Step 7: Sort out audio (eARC)
If you run sound through a soundbar or AV receiver, use eARC so you're not stuck with stereo.
- Connect the Steam Machine to a TV HDMI 2.1 input, then run the TV's eARC port to your soundbar/receiver. The TV passes full audio (including Dolby Atmos / DTS) back down eARC.
- In the TV menu, enable eARC (sometimes under "Digital Audio Out" or "HDMI eARC"). Set audio out to Auto / Passthrough / Bitstream for surround formats.
- In SteamOS → Settings → Audio, pick the HDMI output and confirm the channel layout. If you only get stereo, the TV's audio-out is likely set to PCM instead of bitstream.
Frequently asked
Almost always one of two things: you're plugged into an HDMI 2.0 port instead of a true HDMI 2.1 port, or the TV's per-input Enhanced / UHD Color / 4K mode is off. Move to a 4K120-labeled port, enable Enhanced mode for that input, use a 48 Gbps Ultra High Speed cable, then reboot so SteamOS re-detects 120 Hz.

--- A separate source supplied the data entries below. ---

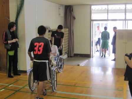 講演後は、車いすの補助体験をしました。初めての体験でしたが、生徒達は地域の方を乗せ、スロープを乗っている人に恐怖心を与えないように後ろ向きでゆっくりと降りていくことが出来ました。
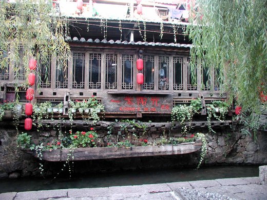 雪山的冰雪融化後,流入古城,把小城一分為三,溪旁林立起小店,溪上架起木板,通向緊緊相偎的小館、酒廊、藝品店、畫廊、銀飾店,令人錯覺置身威尼斯。然而威尼斯哪有這樣的東方情調呢?工作坊裡的年輕藝術家在木頭上烙畫,玻璃球裡畫畫,米上刻字,木門上雕琢出鳳凰百獸。店名都挺詩意的:「薄荷藍」、「一米陽光」、「地平線」,一溜溜紅燈龍、一串串黃玉米,還有溪邊船形的迷你花圃,盛滿了鮮花,在冬日的暖陽下,搖曳。
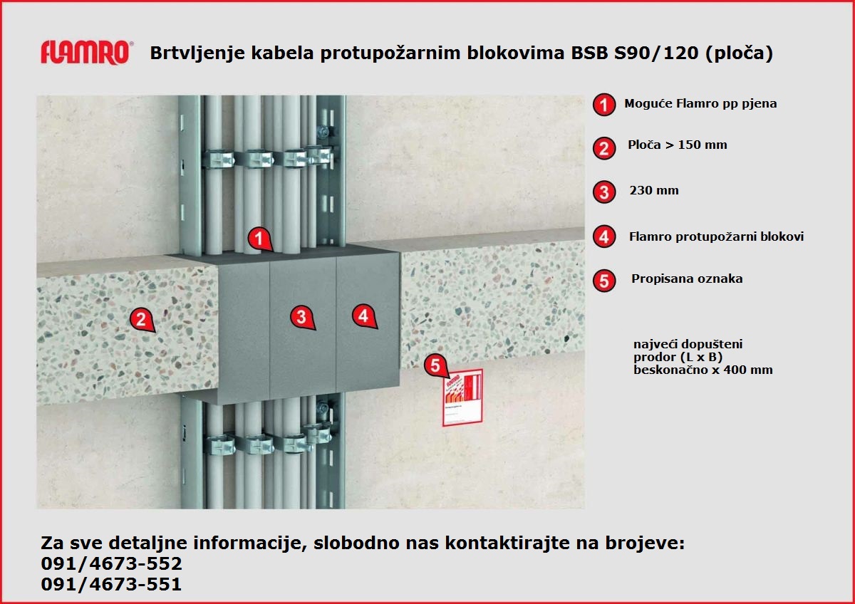 Elastični protupožarni blokovi za brtvljenje zidnih i stropnih prodora pojedinačnih kabela, kabela u snopovima svih vrsta (uključujući i optičke kabele). Bez ograničavanja ukupnog presjeka svakog kabela, kao i nosača (kabelske police, nosači, ljestve) od čelika, aluminija ili plastike. Pojedinačne čelične i plastične cijevi promjera <15 mm.
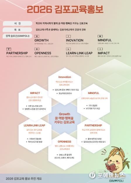 2026년 김포교육 홍보 정책의 핵심은 김포교육 공식 홍보 캐릭터 ‘포리(POLI)’ 도입이다. 포리는 김포(GIMPO)와 배움(Learn), 연결(Link), 도약(Leap)의 의미를 담은 상징 캐릭터로, 김포의 대표 상징인 볍씨를 모티브로 하여 학생의 성장 가능성과 미래교육 가치를 표현하고 있다.
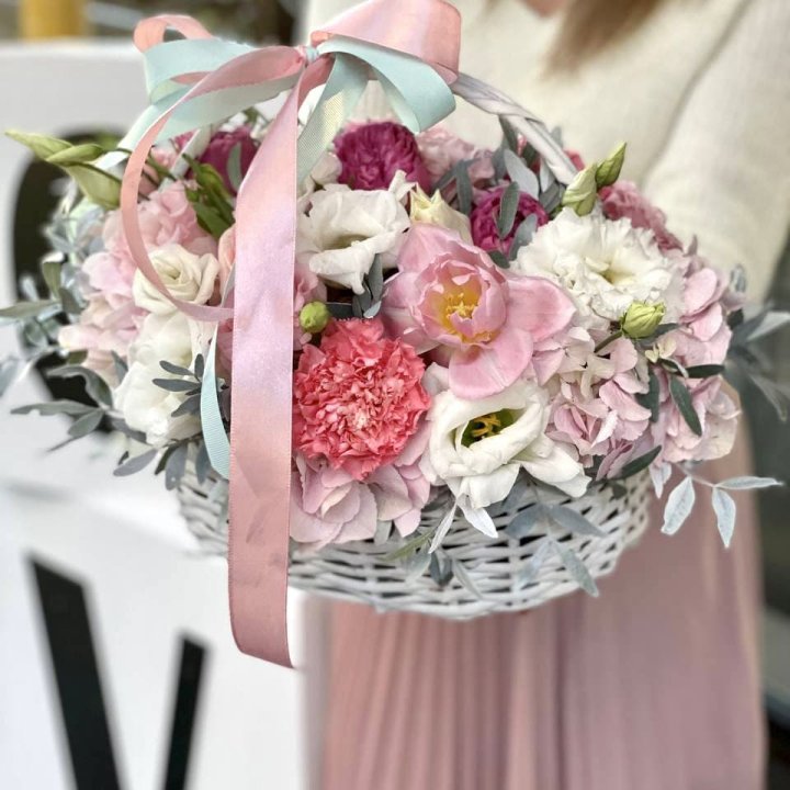 корпоративная цветочная корзина в нейтральной деловой гамме с фирменной лентой для поздравления партнёров садовая цветочная корзина с ранункулями эустомой и эвкалиптом в свободной аранжировке от флориста
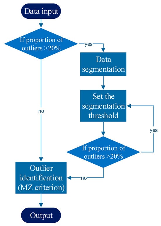Based on the statistical analysis, the MZ criterion proposed in this paper can resist the influence of outliers within 20% and has good resistance and robustness, as shown in Figure 12a,b. Figure 12c,d display quantitative indicators, showing that the MZ criterion achieves 7% error rates even at 45% outliers, significantly outperforming traditional methods with >20% error rates. However, if the proportion of outliers is too large, both the robust estimation model and the MZ criterion will fail, as shown in Figure 12c,d. Then, we can divide sequences into segments and set the early warning threshold separately in order to improve the accuracy of the identification model. The flowchart for outlier identification is shown in Figure 13.
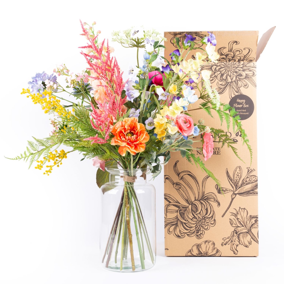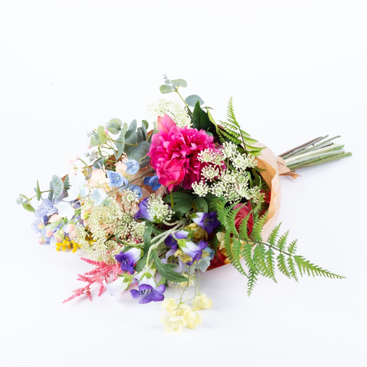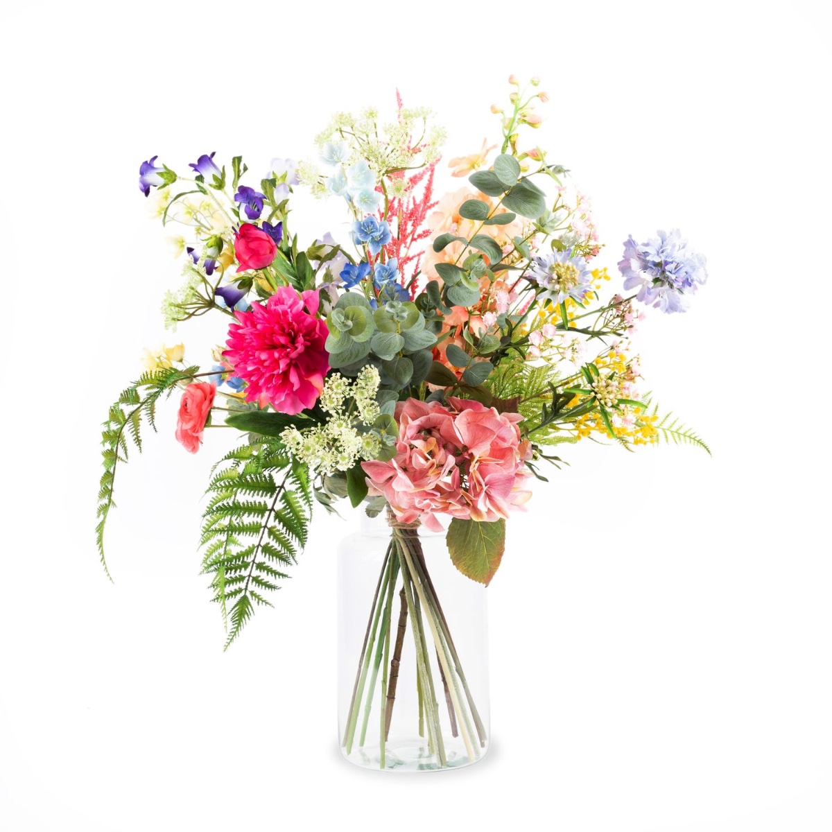 Decorative spring bouquet AVIV, pink-purple-yellow, 30"/75cm, Ø22"/55cm

For most games, 1440p (often with FSR) and let the TV upscale to 4K. This is a 1080p-high / 1440p-class machine with an 8 GB VRAM ceiling, so native 4K usually means low, stuttery frame rates. Outputting 1440p keeps you in 120 Hz + VRR territory and looks better in motion. See best Steam Machine games for per-title targets.
Yes — use the cable in the box or any Ultra High Speed HDMI (48 Gbps) cable. Older "High Speed" cables physically can't carry 4K 120 Hz, and they fail quietly: you'll just never see the 120 Hz or VRR options, or you'll get a flickering, dropping picture. The cable is the cheapest thing to rule out first.
Run the Steam Machine into an HDMI 2.1 input, connect the TV's eARC port to your soundbar or receiver, and set the TV's digital audio out to Bitstream / Passthrough (not PCM). Then in SteamOS → Settings → Audio, select the HDMI output. PCM mode is the usual reason you're stuck in stereo.